Brown: Terrorism, Iran's nuclear hopes still threaten US
CHELMSFORD -- Senator Scott Brown said today that intelligence briefings he has received over the past seven months have driven home to him that terrorists remain determined to attack the United States, but he believes the greatest threat to global security would be an Iran with nuclear weapons.
Addressing about two dozen journalists at a conference here in between Boston events marking the ninth anniversary of 9/11, Brown said that briefings he has received as a member of the Armed Services and Homeland Security and Governmental Affairs committees since he took office have underscored that al-Qaeda affiliates and state-sponsored terrorists ``want to hurt us.''
``I wish I could kind of make it flowery,'' Brown said of the message he was delivering at the New England Associated Press News Executives Association. The unfortunate truth, he said, was that America's enemies ``have survived over the last nine years by adapting.''
``The goal remains global for them,'' he said. ``They work behind the scenes....They're recruiting American citizens now.''
The bungled attempts to detonate a bomb on a Northwest Airlines flight over Detroit on Christmas Day in 2009 and to set off a car bomb in New York's Times Square on May 1 are merely the terrorist plots Americans have heard about, he said.

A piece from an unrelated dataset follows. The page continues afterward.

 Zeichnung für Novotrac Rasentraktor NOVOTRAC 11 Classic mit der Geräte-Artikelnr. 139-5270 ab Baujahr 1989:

``There are others that have been foiled, that you would not hear of,'' Brown said at the Radisson Hotel & Suites, declining to elaborate.

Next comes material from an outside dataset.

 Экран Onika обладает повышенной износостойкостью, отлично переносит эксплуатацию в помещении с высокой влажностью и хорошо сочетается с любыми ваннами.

Nonetheless, Brown, who recently returned from a 10-day congressional tour of Israel and Jordan, said he was convinced that the greatest threat to international security is Iran. He said it was obvious that Iran wants to build nuclear weapons, which he added would start a catastrophic nuclear arms race in the Middle East reminiscent of the rivalry between the US and Soviet Union during the Cold War.